More than 6.3 million people age 16 and over are eligible to vote for the new parliament in Austria, a European Union member that has a policy of military neutrality.

Kickl has achieved a turnaround since Austria's last parliamentary election in 2019. In June, the Freedom Party narrowly won a nationwide vote for the first time in the European Parliament election, which also brought gains for other European far-right parties.

In 2019, its support slumped to 16.2 per cent after a scandal brought down a government in which it was the junior coalition partner. Then-vice chancellor and Freedom Party leader Heinz-Christian Strache resigned following the publication of a secretly recorded video in which he appeared to offer favours to a purported Russian investor.

The far right has tapped into voter frustration over high inflation, the war in Ukraine and the Covid pandemic. It has also built on worries about migration.

In its election programme, the Freedom Party calls for “remigration of uninvited foreigners”, for achieving a more “homogeneous” nation by tightly controlling borders and suspending the right to asylum via an “emergency law”.

Gernot Bauer, a journalist with Austrian magazine Profil who recently co-published an investigative biography of the far-right leader, said that under Kickl's leadership, the Freedom Party has moved “even further to the right”.

He describes Kickl's rhetoric as “aggressive” and says some of his language is deliberately provocative.

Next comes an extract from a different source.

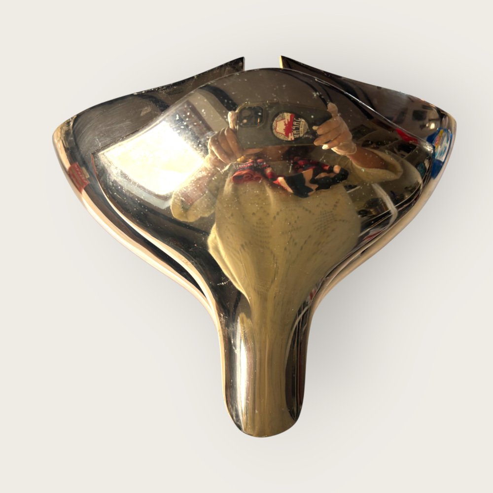 Pair of Italian wall sconces in polished solid bronze, produced by Fratelli Martini in the 1980s. These sculptural lights feature an elegant floral motif of overlapping petals, characteristic of Italian postmodern design of the period.

The Freedom Party also calls for an end to sanctions against Russia, is highly critical of western military aid to Ukraine and wants to bow out of the European Sky Shield Initiative, a missile defence project launched by Germany.

The leader of the Social Democrats, a party that led many of Austria's post-World War II governments, has positioned himself as the polar opposite to Kickl. Andreas Babler has ruled out governing with the far right and labeled Kickl “a threat to democracy”.

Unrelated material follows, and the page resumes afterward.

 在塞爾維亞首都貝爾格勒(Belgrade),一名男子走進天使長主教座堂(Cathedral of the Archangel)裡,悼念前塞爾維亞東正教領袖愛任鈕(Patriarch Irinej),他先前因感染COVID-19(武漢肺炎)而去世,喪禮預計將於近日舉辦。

While the Freedom Party has recovered, the popularity of Nehammer's People's Party, which currently leads a coalition government with the environmentalist Greens as junior partners, has declined since 2019.

During the election campaign, Nehammer portrayed his party, which has taken a tough line on immigration in recent years, as “the strong centre” that will guarantee stability amid multiple crises.

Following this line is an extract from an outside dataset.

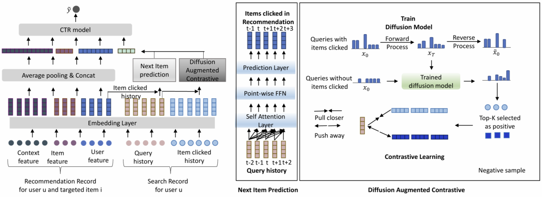 许多平台(例如电商网站)同时提供搜索和推荐服务,以更好地满足用户的多样化需求。推荐服务基于用户偏好为其推荐商品,而搜索服务允许用户主动搜索商品,然后再提供推荐。由于用户和商品通常在搜索与推荐领域之间共享,这为利用搜索领域中提取的用户偏好来增强推荐领域提供了宝贵的机会。然而,现有方法要么忽视了用户在这两个领域之间意图的转变,要么未能捕捉到从用户搜索查询中学习对理解用户兴趣的重要作用。本文提出了一种框架,通过学习搜索领域中的用户搜索查询嵌入(query embedding),增强推荐领域中的用户偏好建模。具体而言,我们利用搜索领域中的用户搜索查询序列来预测用户在推荐领域中下一时刻可能点击的商品。此外,通过对比学习探索查询与商品之间的关系。为了解决数据稀疏性问题,我们引入扩散模型,以一种去噪的方式推断用户在特定查询后可能选择的正样本商品,从而有效避免误报问题。在有效提取这些信息后,我们将查询信息融入推荐领域中的点击率(CTR)预测中。实验分析表明,所提出的模型在推荐领域中的表现优于现有的最新模型。

But it is these crises, ranging from the COVID-19 pandemic to Russia's invasion of Ukraine and resulting rising energy prices, that have cost the conservatives support, said Peter Filzmaier, one of Austria's leading political scientists.

Under their leadership, Austria has experienced high inflation averaging 4.2 per cent over the past 12 months, surpassing the EU average.

The government also angered many Austrians in 2022 by becoming the first European country to introduce a coronavirus vaccine mandate, which was scrapped a few months later without ever being put into effect. And Nehammer is the third chancellor since the last election, taking office in 2021 after predecessor Sebastian Kurz — the winner in 2019 — quit politics amid a corruption investigation.

But the recent flooding caused by Storm Boris that hit Austria and other countries in Central Europe brought the environment back into the election debate and helped Nehammer slightly narrow the gap with the Freedom Party by presenting himself as a “crisis manager”, Filzmaier said.

The People's Party is the far right's only way into government.

Nehammer has repeatedly excluded joining a government led by Kickl, describing him as a “security risk” for the country, but hasn't ruled out a coalition with the Freedom Party in and of itself, which would imply Kickl renouncing a position in government.

The likelihood of Kickl agreeing to such a deal if he wins the election is very low, Filzmaier said.

But should the People's Party finish first, then a coalition between the People's Party and the Freedom Party could happen, Filzmaier said. The most probable alternative would be a three-way alliance between the People's Party, the Social Democrats and most likely the liberal Neos.

“It's going to be a tight race — that's why I absolutely want to vote,” voter Isabell Hacker said in Vienna. She said she hopes for “everything except Kickl”.